Published 3 Dec 2025 in cs.LG | (2512.04068v1)

Abstract: To handle underspecified or ambiguous queries, AI assistants need a policy for managing their uncertainty to determine (a) when to guess the user intent and answer directly, (b) when to enumerate and answer multiple possible intents, and (c) when to ask a clarifying question. However, such policies are contextually dependent on factors such as user preferences or modality. For example, enumerating multiple possible user intentions is cumbersome on small screens or in a voice setting. In this work, we propose to train steerable policies for managing this uncertainty using self-play. Given two agents, one simulating a user and the other an AI assistant, we generate conversations where the user issues a potentially ambiguous query, and the assistant needs to determine how to respond. Importantly, the model takes as input the numerical cost of each clarification question, and each generated word, and is asked to take the action that will maximize its final reward, which is the cost-penalized accuracy. We use Reinforced Self-Training (ReST) to train our model to achieve high reward and show this leads to a steerable policy that changes its behavior predictably conditioned on the provided costs, leading to higher reward and accuracy. Moreover, our procedure also generalizes to numerical cost values that were unobserved at training time.

Summary

  • The paper introduces a novel framework that leverages collaborative self-play and Reinforced Self-Training to learn cost-sensitive clarification strategies.
  • The methodology employs multi-agent self-play with action clustering to balance clarification, multi-answering, and direct guessing based on numerical cost coefficients.
  • Experimental results on the AmbigQA and Pacific benchmarks demonstrate that the steerable policies generalize to unseen coefficients, yielding improved accuracy and cost rewards.

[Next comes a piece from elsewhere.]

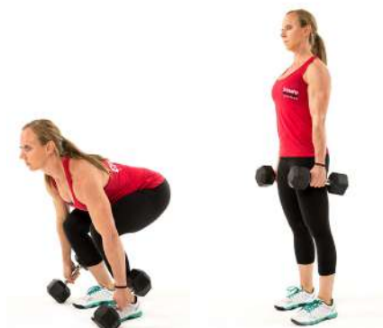
(B) 2 dumbbells outside the legs

Learning Steerable Clarification Policies with Collaborative Self-play

Motivation and Problem Statement

Natural language user queries to AI assistants frequently exhibit varying degrees of underspecification and ambiguity, often due to ellipsis, domain assumptions, or broad intent. AI systems must implement effective clarification policies to maximize communication efficiency without sacrificing interpretive accuracy. Traditional approaches generally enforce uniform clarification heuristics—i.e., always ask a clarifying question when ambiguity is detected—ignoring context-driven variability such as user modality preferences or the cost-benefit tradeoff of additional dialog turns and output verbosity.

This work addresses the challenge of enabling dynamic, steerable clarification policies whereby the assistant modifies its behavior contingent on explicit, user- or context-conditioned cost coefficients. These coefficients numerically specify the penalty incurred for extra conversational turns or for producing lengthy responses. The aim is to maximize a cost-sensitive accuracy reward, incorporating factors like conversation length and answer succinctness, as parameterized by user-supplied α,β\alpha, \beta. Figure 1

Figure 1: Illustration of steerable policy: the assistant adapts its response strategy—clarification, multi-answer, or direct educated guess—depending on given cost coefficients α\alpha and β\beta.

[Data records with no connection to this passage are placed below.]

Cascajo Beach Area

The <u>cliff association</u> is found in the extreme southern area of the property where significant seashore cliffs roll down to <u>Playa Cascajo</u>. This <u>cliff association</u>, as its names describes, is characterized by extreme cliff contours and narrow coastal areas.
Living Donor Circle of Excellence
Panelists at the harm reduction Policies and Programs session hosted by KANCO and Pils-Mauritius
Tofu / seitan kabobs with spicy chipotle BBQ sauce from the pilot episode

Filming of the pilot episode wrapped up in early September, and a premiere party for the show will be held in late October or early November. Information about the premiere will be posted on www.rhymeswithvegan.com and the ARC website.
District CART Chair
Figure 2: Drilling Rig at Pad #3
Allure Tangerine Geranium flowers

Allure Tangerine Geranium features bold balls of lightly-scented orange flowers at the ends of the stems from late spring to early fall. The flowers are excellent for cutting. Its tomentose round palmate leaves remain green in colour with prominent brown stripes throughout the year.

Method: Collaborative Self-Play and Reinforced Self-Training

The core training framework leverages multi-agent self-play, wherein an assistant and a simulated user jointly construct QA rollouts. The environment injects ambiguity by supplying both the ambiguous query qq and a sampled ground-truth interpretation ii, only accessible to the user. The assistant, informed of the current dialog history, any relevant non-parametric context (e.g., tables), and the given α,β\alpha, \beta coefficients, chooses one of three actions: ask a clarification question, respond directly, or enumerate multiple plausible answers. Figure 2

Figure 2: Example rollout showing the interactive exchange, from ambiguous query to clarification, multi-answer, and final resolution, given the user's true intent.

To drive learning, Reinforced Self-Training (ReST) is deployed—a low-variance on-policy approximation that uses sampled episode rewards to select high-yield trajectories for iterative finetuning. Rather than naively maximizing per-rollout reward, the algorithm clusters rollouts by action sequence and cost coefficients, then identifies the action pattern which yields maximal expectation across interpretations. This process ensures robust association between particular coefficient settings and the optimal disambiguation strategy.

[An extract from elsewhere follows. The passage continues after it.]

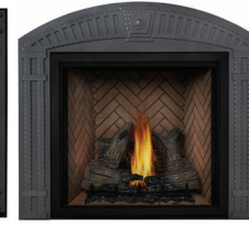
Arched Decorative Surround Wrought Iron Finish
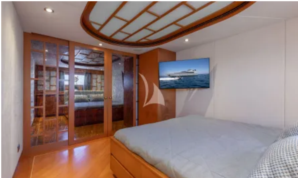
Office convertible to double cabin

The reward function formalizes the cost-accuracy tradeoff: R(ρ;a)=acc(a,a)αnclar(ρ)βoT1R(\rho; a^*) = \mathrm{acc}(a, a^*) - \alpha \cdot n_\textrm{clar}(\rho) - \beta \cdot |o_{T-1}| where acc(a,a)\mathrm{acc}(a, a^*) is token-level F1_1 with respect to gold answer aa^*, nclar(ρ)n_\textrm{clar}(\rho) is the count of clarification questions, and oT1|o_{T-1}| the final answer length.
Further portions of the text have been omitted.